指定された窓口で、父の入院に必要な手続きを済ませた。結構大掛かりな手術である筈だが、受付の人にとってはそれは単なる一つのオペであり、粛々と事務手続きを進めるだけだった。確かに、この病院には切れ痔や淋病、水虫から膵臓癌まで幅広い病人が居て、数え切れない程の手術が行われているのだ。いちいち一件毎に「お気の毒ですね」「お心をしっかりお持ちください」「ご無事をお祈りしています」などと懇切丁寧に言っていたら身が持たないだろう。病気は病気、金は金という割り切りはどことなく池袋の下品な風俗店の外観を思い出させた。
「お支払いはいかがされますか」
手元の端末を叩きながら、スーツ姿の男性職員が聞いてきた。
「もう料金が決まってるんですか?」
「前金という形でお支払いいただいて、退院後に余ったら返却という形もございますが、あまりそういう方はいませんね」
「じゃあ後払いで」
「現金ですか? カードですか?」
「失礼?」
僕は聞き返した。
「現金でお支払いか、クレジットカードをご利用ですか?」
男性が淡々と言葉を足して繰り返した。
「クレジットカードも使えるんですか?」
「はい。VISA、マスター、セゾン、ダイナース……」
「カードで支払います」
僕は延々と続きそうなカード会社の名前を遮って言った。カードで支払えばポイントが付くのだ。
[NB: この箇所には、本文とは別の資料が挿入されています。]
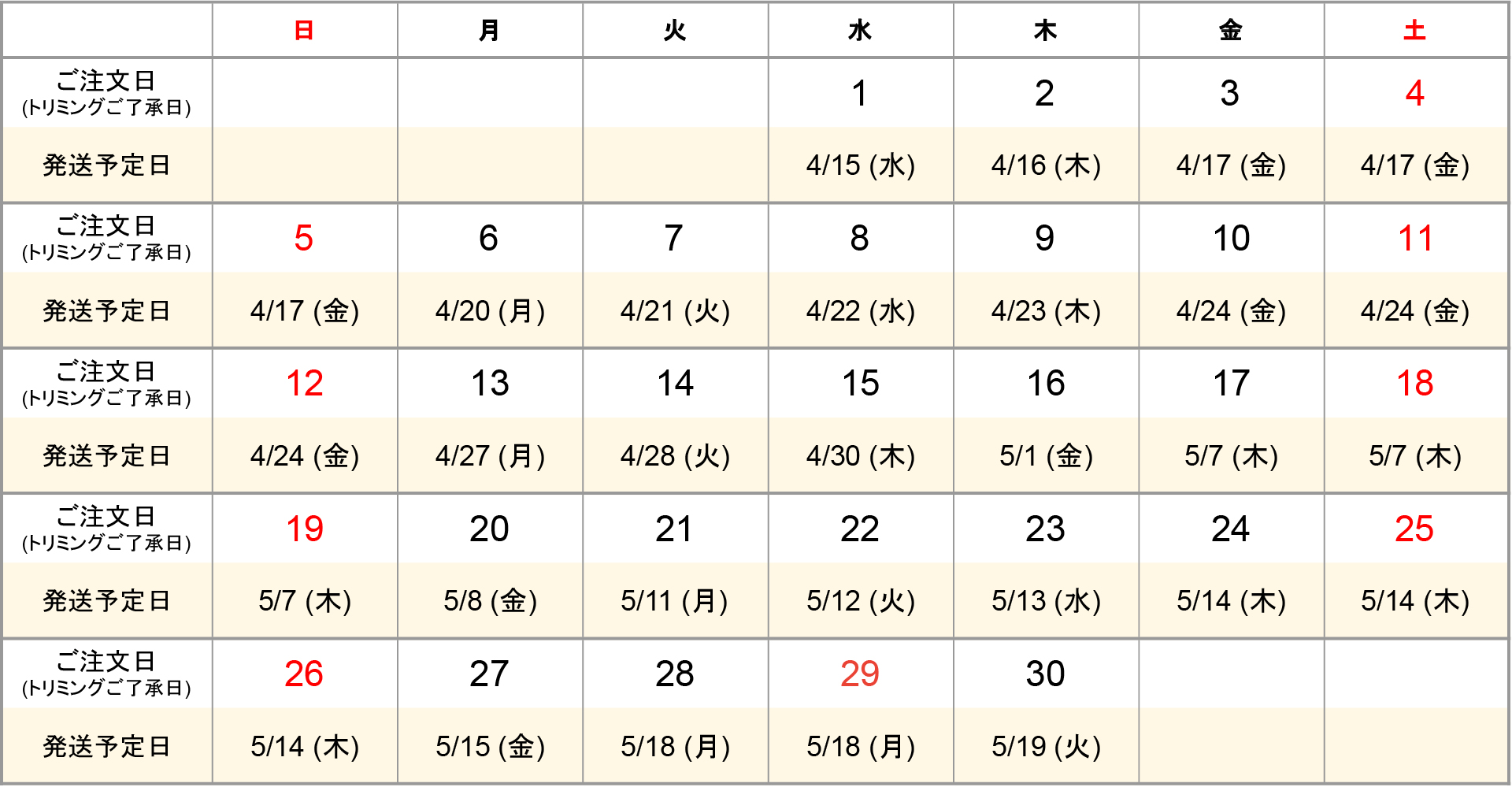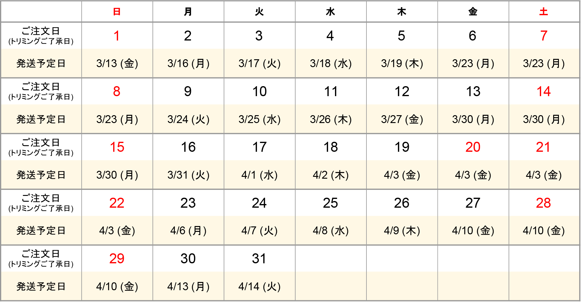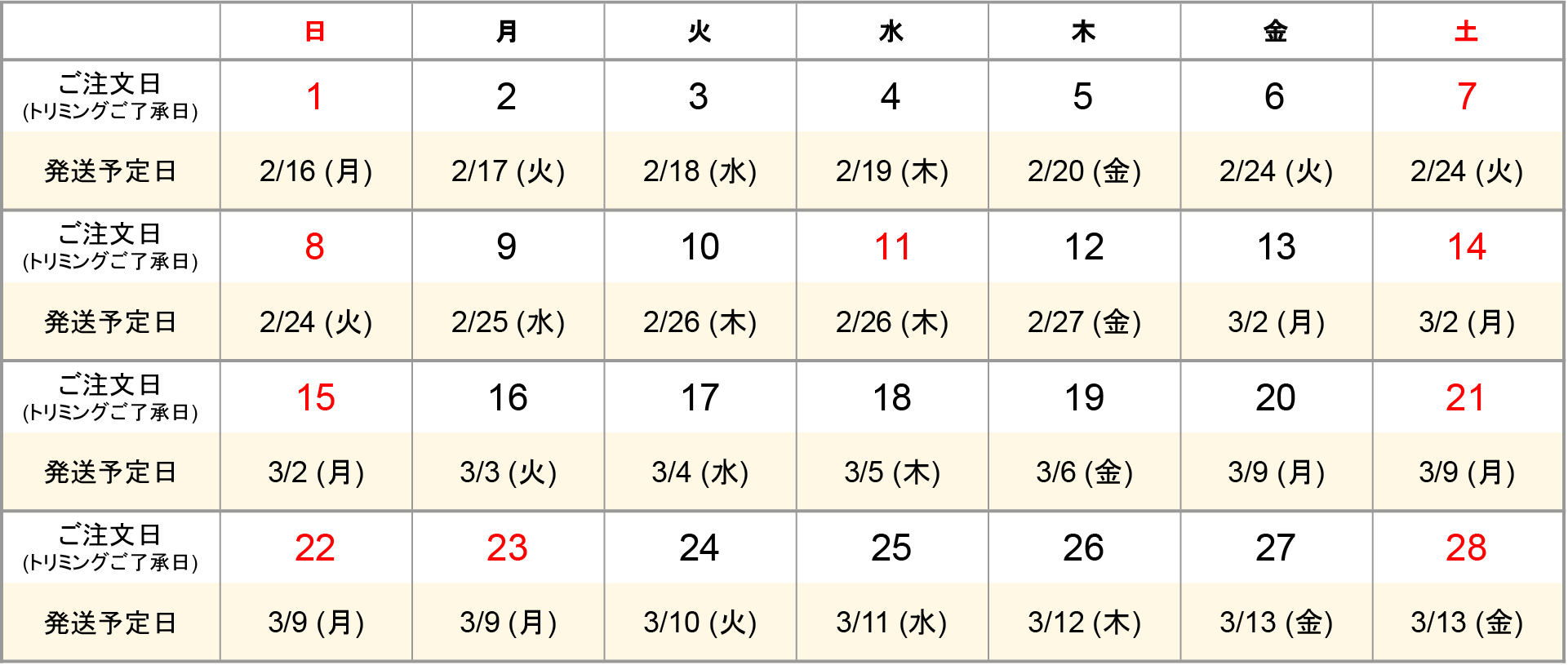 ¢¨¾Ü¤·¤¤ÇÛÁ÷ͽÄêÆü¤ÏÇÛÁ÷ͽÄêÆü¥«¥ì¥ó¥À¡¼¤ò¤´³Îǧ¤¯¤À¤µ¤¤¡£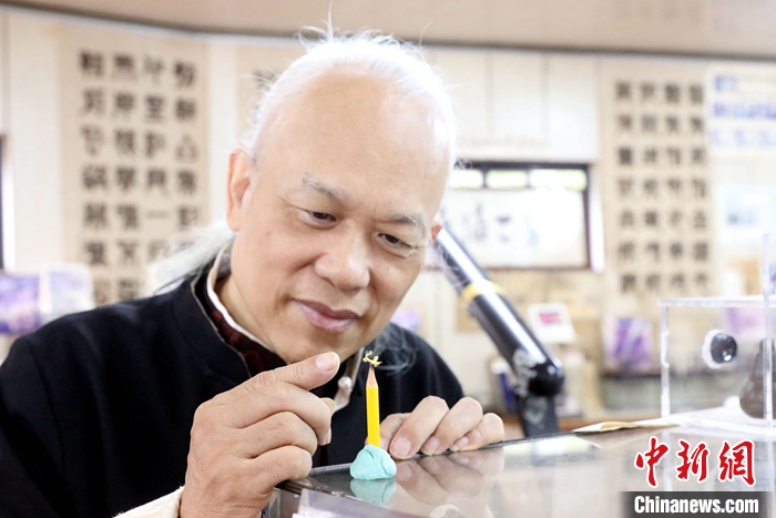 11月25日,臺灣雕刻家陳逢顯在其位于新北市的毫芒雕刻博物館,向記者展示微雕“黃金龍”。中新社記者 陳小愿 攝

「かしこまりました。では金額確定次第、お知らせ致します。お父様はお勤めにはなっていらっしゃらないので、市役所で減額申請をすれば大分お安くなると思います」
「それは……」
「詳しくは市役所にお問い合わせください」
今度は僕が遮られる番だった。
「ご親族の方々には心身ともにご負担をお掛けすることをお詫び申し上げます」
と初老の丸い眼鏡を掛けた痩せた医師が言った。乱雑に積まれたカルテやマグカップが置かれた机からは、脳外科医という職業の忙しさを察するのに充分だった。医師は僕や母に一度として目を合わせる事なく症状を説明した。手術前の検査で、脳の太い血管にもう数カ所、極めて除去が難しい場所に原因不明の瘤が見つかったという事だった。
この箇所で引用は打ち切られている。